Numerous Labour insiders believe he cannot connect with either the core voters he’s trying to mobilise, nor with the middle-class swing voters Labour traditionally needs to reach to win, and is possibly the worst person of all to try and lead a fightback against the votes labour is haemorrhaging to Ukip.

But the party’s problems go deeper than that. Beneath the surface, Labour is a punch-up waiting to happen. The party’s MPs in the urban north of England, where Labour’s core support lies, know their constituents cannot stand another five years of combined austerity and uncontrolled migration.

The unions – faced with a significant disenfranchisement under Miliband’s plans post-Falkirk – are not minded to go on funding a party committed to austerity.

Meanwhile, the Blairite wing of the party is on a quiet offensive against Miliband. Jim Murphy’s victory in Scotland, and Blair’s “nudge” in the Economist are just two symptoms of this.

On top of this though, the coalition is now split over the future scale of austerity, Miliband knows it remains a toxic issue for Labour.

So for Labour, 2015 is a win-or-bust year.

If the party wins, it looks like it will be narrowly and very likely with the SNP holding the balance of power. Then Labour would have to choose between a more radical autonomy plan for Scotland or getting rid of Trident as the price for SNP support.

If you think of the scale of cuts Labour has implicitly signed up to, there is no way the SNP is going to taint itself with voting for the first Ed Balls budget without extracting a major exemptions for Scotland.

Paddy Power currently has it on 4/1 for there two be two elections in 2015 – that is, for neither Labour nor the Tories to be able to form a coalition.

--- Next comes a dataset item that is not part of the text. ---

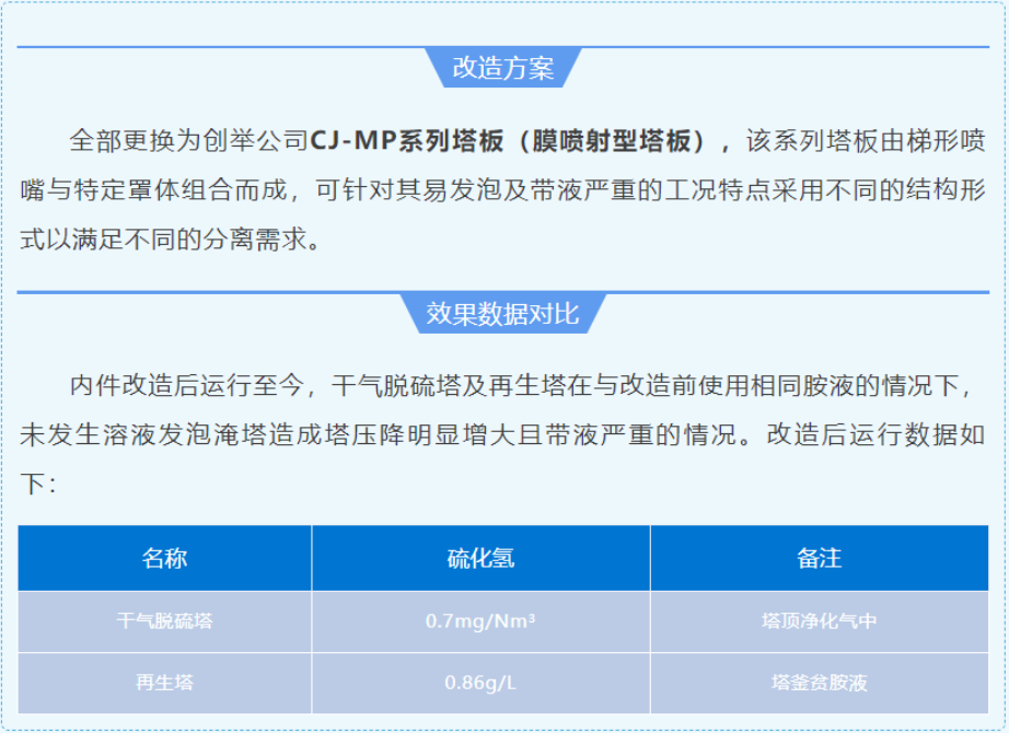 全部工程改造完工后,各項(xiàng)技術(shù)指標(biāo)均滿(mǎn)足生產(chǎn)要求,達(dá)到了改造的目的和預(yù)期,緩解業(yè)主單位的環(huán)保壓力的同時(shí)延長(zhǎng)了設(shè)備檢修周期。創(chuàng)舉公司新型CJ系列高效噴射態(tài)塔盤(pán)技術(shù)在脫硫化氫塔、干氣脫硫塔及再生塔的應(yīng)用效果,得到了榆林煉化領(lǐng)導(dǎo)的高度認(rèn)可。該項(xiàng)目的順利開(kāi)車(chē)是創(chuàng)舉公司在行業(yè)內(nèi)的又一次成功改造案例。

But if Labour loses, the forces of fragmentation beneath the surface are large: there is not exactly a plan, but more like an implicit understanding that the left and the Blairites will combine to get rid of Ed Milband if Labour fails to become the largest party.

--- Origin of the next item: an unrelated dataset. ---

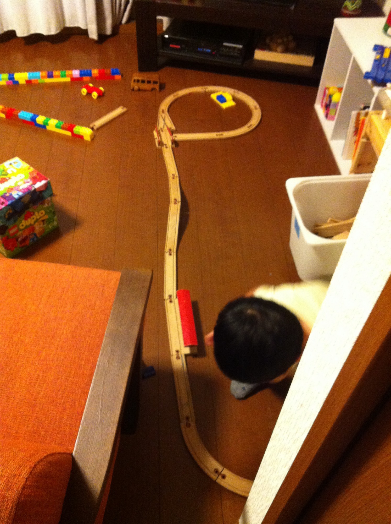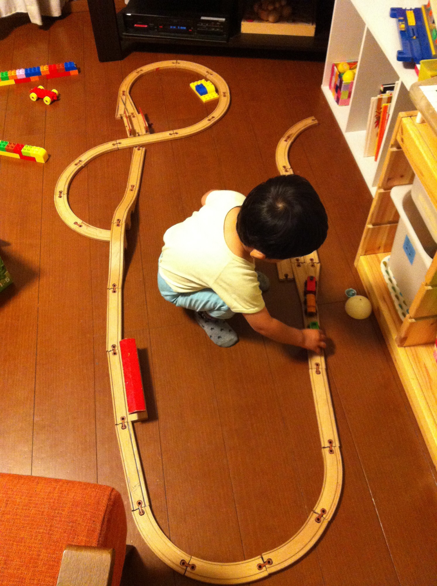 2015年6月16日 線路名人 いつの間にか線路をつなぐのが上達しています。 こんな感じでつなげて、 最終的にはこうなりました。 出発進行! 大人の場合、なんとなく、ちゃんと全部つなげないと、 という気になってしまうんですが、 そんなこと気にせずどんどんつなぎます。 端っこがつながっていなくても気にならないみたいです。 頭の柔らかさに感心。 いかに自分が”あたりまえ”みたいなものに縛られているのか気づかされます。

Think a figure like Jon Cruddas or Tom Watson as deputy leader, with an as-yet-unspecified Progress frontbencher as leader.

The unions meanwhile, particularly Unite, are watching developments in Spain and Greece carefully: there the main socialist parties have been eviscerated by support for austerity and are now being replaced by young, trendy, left-wing parties whose leaders can not only eat street food but look cool doing so.

Though there is no British Podemos – yet – senior frontbenchers are already worried about Labour’s middle class and youth vote bleeding away to the Greens in two or three key constituencies.

Miliband’s only secret weapon is Ukip. It may look like Nigel Farage is a threat to Labour in some of its heartlands, but the electoral logic still looks more like Ukip will seriously damage the Conservatives in key constituencies.